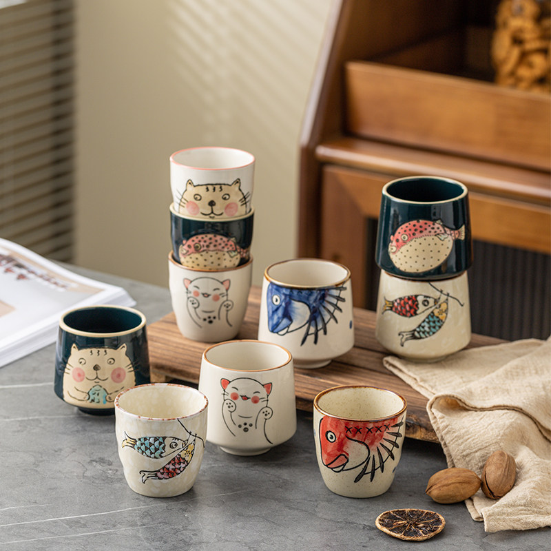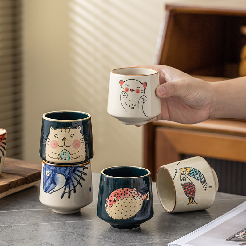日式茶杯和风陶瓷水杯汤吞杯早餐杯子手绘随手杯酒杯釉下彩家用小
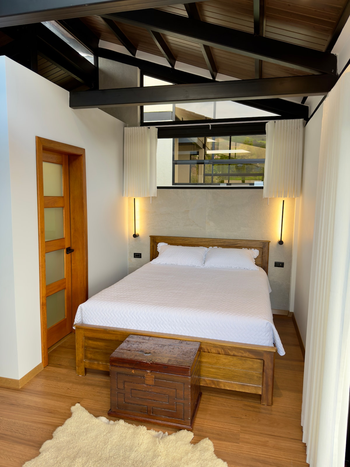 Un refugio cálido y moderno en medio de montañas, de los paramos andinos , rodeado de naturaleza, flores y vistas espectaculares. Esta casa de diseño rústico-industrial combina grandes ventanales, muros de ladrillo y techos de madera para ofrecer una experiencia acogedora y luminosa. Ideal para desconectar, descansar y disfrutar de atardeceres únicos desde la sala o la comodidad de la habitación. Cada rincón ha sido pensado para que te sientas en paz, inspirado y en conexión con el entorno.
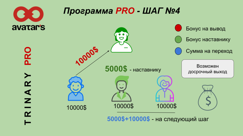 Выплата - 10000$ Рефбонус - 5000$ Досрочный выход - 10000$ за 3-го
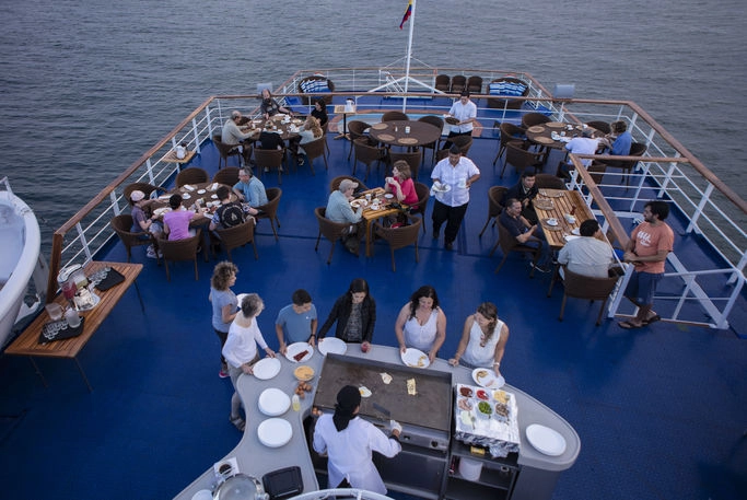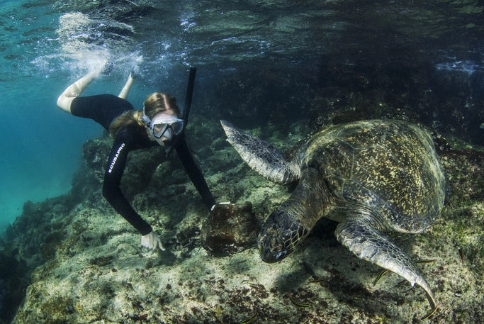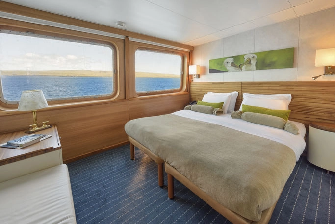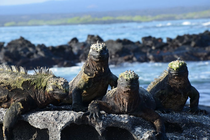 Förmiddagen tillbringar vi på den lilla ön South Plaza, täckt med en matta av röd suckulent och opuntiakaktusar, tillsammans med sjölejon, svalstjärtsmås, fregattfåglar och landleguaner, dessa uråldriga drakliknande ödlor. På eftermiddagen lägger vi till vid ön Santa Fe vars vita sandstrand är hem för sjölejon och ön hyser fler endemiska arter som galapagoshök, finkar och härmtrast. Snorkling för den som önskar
■ ■ ■
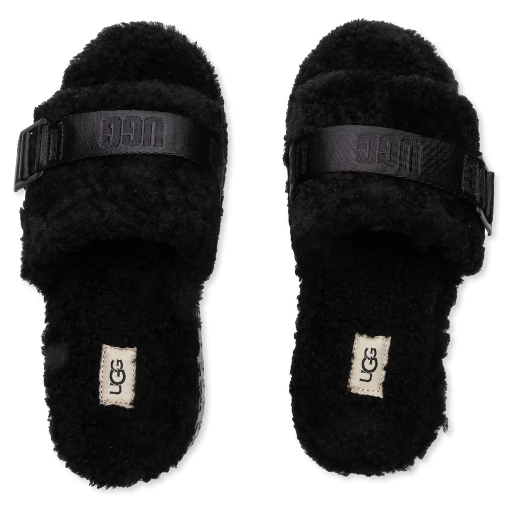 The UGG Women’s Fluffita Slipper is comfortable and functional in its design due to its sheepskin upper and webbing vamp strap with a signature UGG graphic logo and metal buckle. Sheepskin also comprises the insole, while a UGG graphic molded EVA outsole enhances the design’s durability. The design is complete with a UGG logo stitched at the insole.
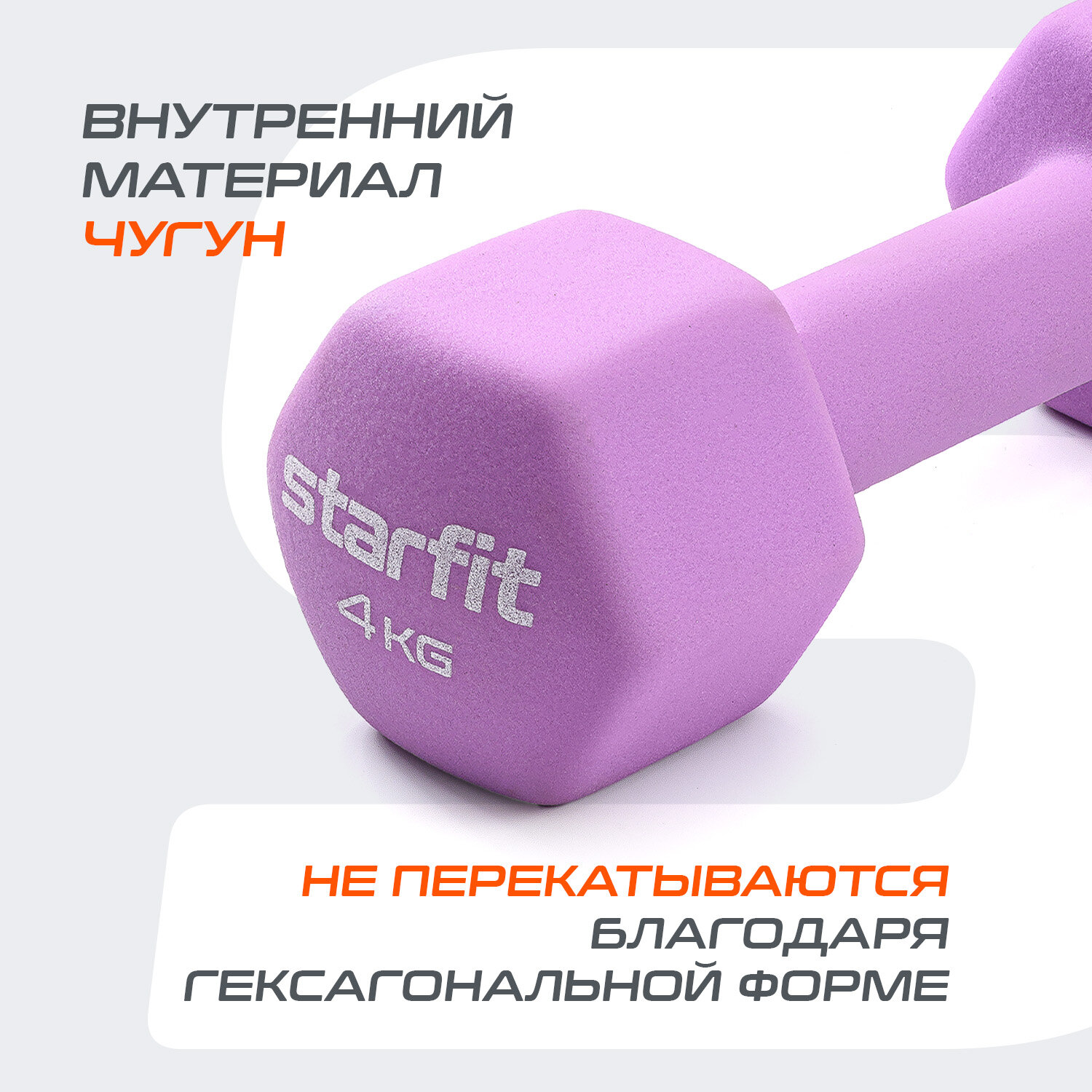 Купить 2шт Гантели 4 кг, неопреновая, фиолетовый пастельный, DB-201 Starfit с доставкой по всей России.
■ ■ ■
* **ASSIGNED TASK**: In the data above, find the line containing "Un refugio cálido" and the line containing "Förmiddagen tillbringar vi". Repeat those two lines and everything between them exactly, minus the pictures.

* **WRITTEN RESPONSE**:
 Un refugio cálido y moderno en medio de montañas, de los paramos andinos , rodeado de naturaleza, flores y vistas espectaculares. Esta casa de diseño rústico-industrial combina grandes ventanales, muros de ladrillo y techos de madera para ofrecer una experiencia acogedora y luminosa. Ideal para desconectar, descansar y disfrutar de atardeceres únicos desde la sala o la comodidad de la habitación. Cada rincón ha sido pensado para que te sientas en paz, inspirado y en conexión con el entorno.
 Выплата - 10000$ Рефбонус - 5000$ Досрочный выход - 10000$ за 3-го
 Förmiddagen tillbringar vi på den lilla ön South Plaza, täckt med en matta av röd suckulent och opuntiakaktusar, tillsammans med sjölejon, svalstjärtsmås, fregattfåglar och landleguaner, dessa uråldriga drakliknande ödlor. På eftermiddagen lägger vi till vid ön Santa Fe vars vita sandstrand är hem för sjölejon och ön hyser fler endemiska arter som galapagoshök, finkar och härmtrast. Snorkling för den som önskar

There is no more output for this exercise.